• Task objective:
Retype the lines from the first one in the records down to the line containing "Диаграмма 2. Динамика депозитов 7 , %", counting both, and leave out any pictures.

• Records for this exercise:
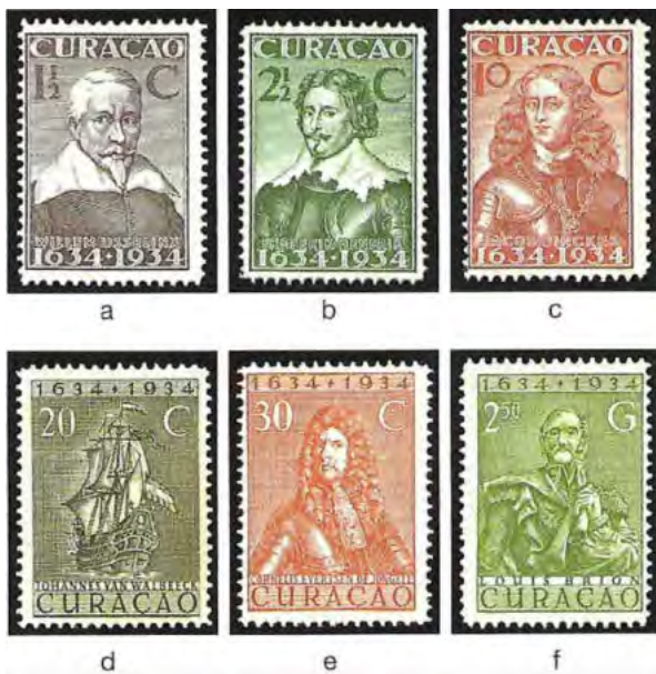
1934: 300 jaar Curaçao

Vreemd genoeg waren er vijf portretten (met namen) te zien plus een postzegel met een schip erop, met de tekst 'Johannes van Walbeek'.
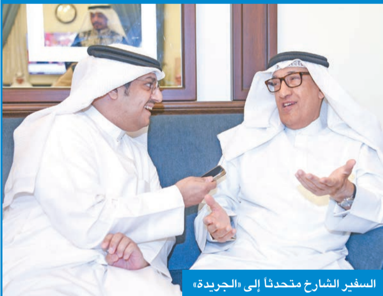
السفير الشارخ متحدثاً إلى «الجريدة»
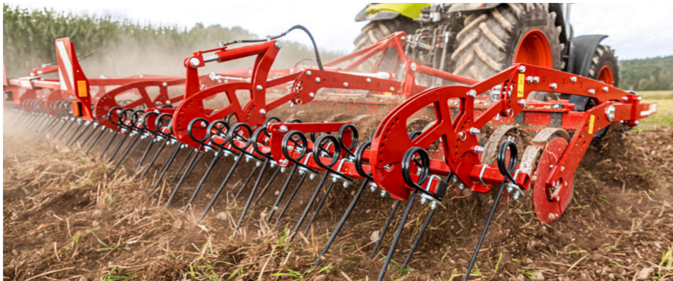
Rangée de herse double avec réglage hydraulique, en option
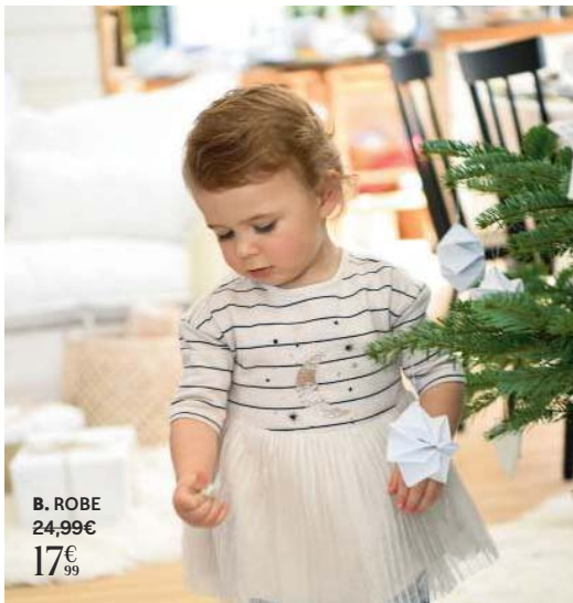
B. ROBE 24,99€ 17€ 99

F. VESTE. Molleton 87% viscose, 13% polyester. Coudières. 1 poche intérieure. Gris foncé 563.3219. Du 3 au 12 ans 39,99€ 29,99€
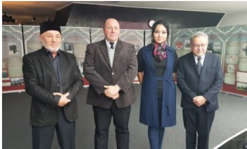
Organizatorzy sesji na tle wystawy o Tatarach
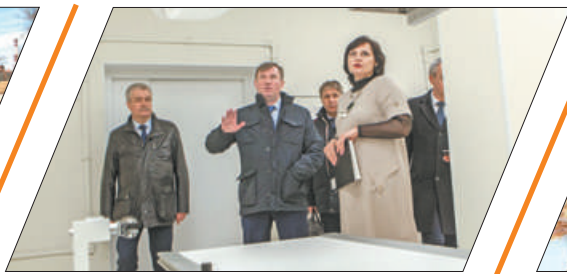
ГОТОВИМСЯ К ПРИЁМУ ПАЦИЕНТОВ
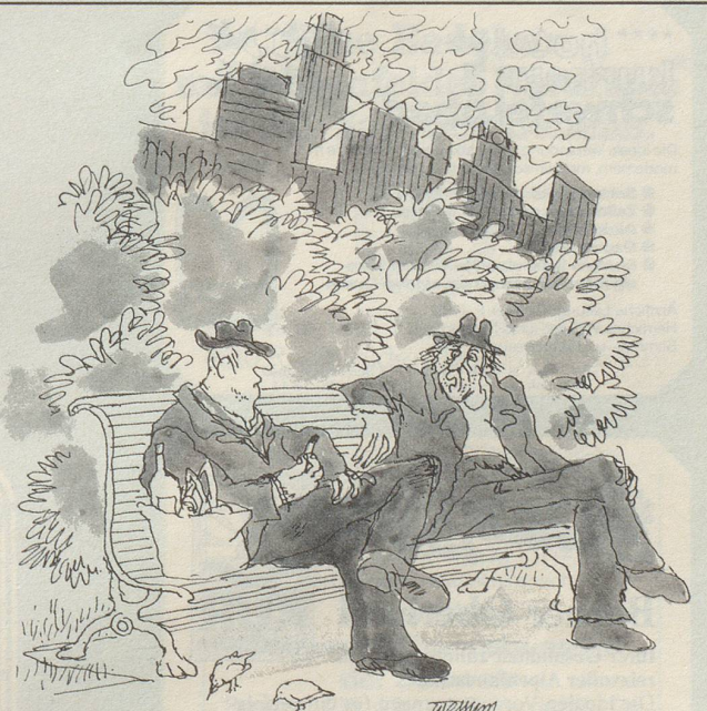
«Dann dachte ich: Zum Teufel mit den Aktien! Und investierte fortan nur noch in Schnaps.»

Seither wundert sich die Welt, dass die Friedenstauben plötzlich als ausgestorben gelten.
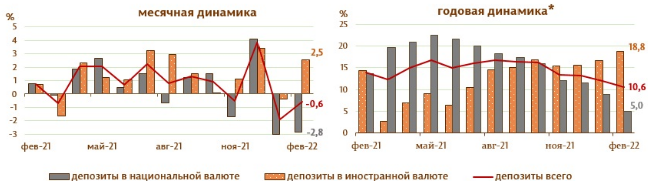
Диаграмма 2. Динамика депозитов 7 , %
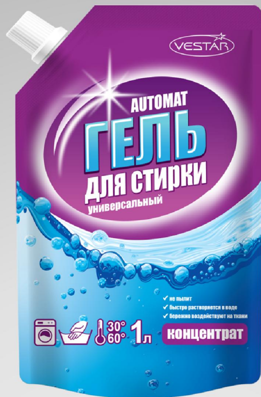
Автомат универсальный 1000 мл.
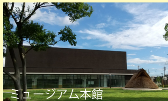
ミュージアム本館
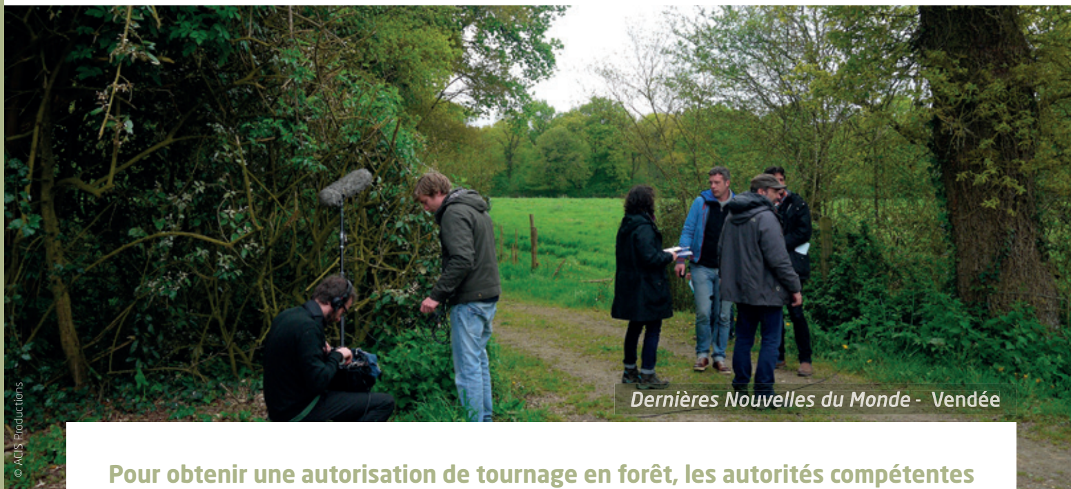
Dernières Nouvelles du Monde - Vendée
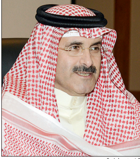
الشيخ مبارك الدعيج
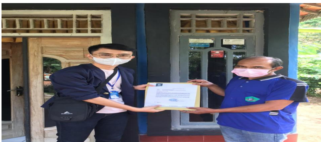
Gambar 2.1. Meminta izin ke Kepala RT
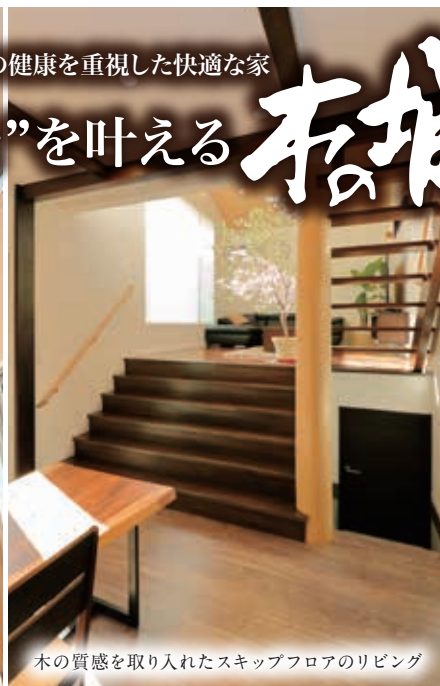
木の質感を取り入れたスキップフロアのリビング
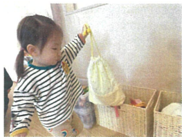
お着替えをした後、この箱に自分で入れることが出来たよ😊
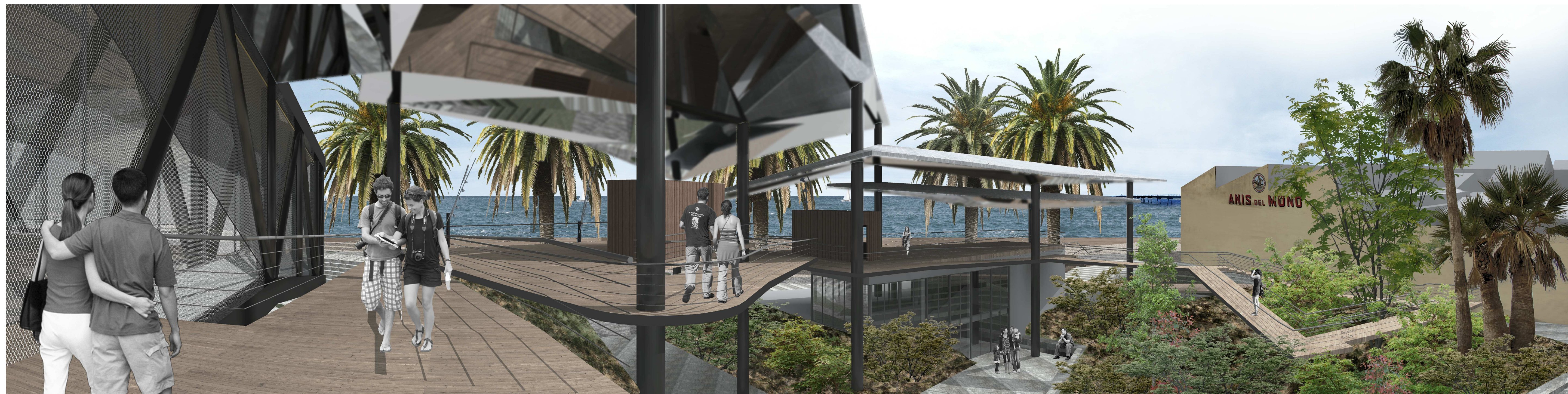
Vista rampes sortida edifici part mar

• Solution to this task:
1934: 300 jaar Curaçao

Vreemd genoeg waren er vijf portretten (met namen) te zien plus een postzegel met een schip erop, met de tekst 'Johannes van Walbeek'.
السفير الشارخ متحدثاً إلى «الجريدة»
Rangée de herse double avec réglage hydraulique, en option
B. ROBE 24,99€ 17€ 99

F. VESTE. Molleton 87% viscose, 13% polyester. Coudières. 1 poche intérieure. Gris foncé 563.3219. Du 3 au 12 ans 39,99€ 29,99€
Organizatorzy sesji na tle wystawy o Tatarach
ГОТОВИМСЯ К ПРИЁМУ ПАЦИЕНТОВ
«Dann dachte ich: Zum Teufel mit den Aktien! Und investierte fortan nur noch in Schnaps.»

Seither wundert sich die Welt, dass die Friedenstauben plötzlich als ausgestorben gelten.
Диаграмма 2. Динамика депозитов 7 , %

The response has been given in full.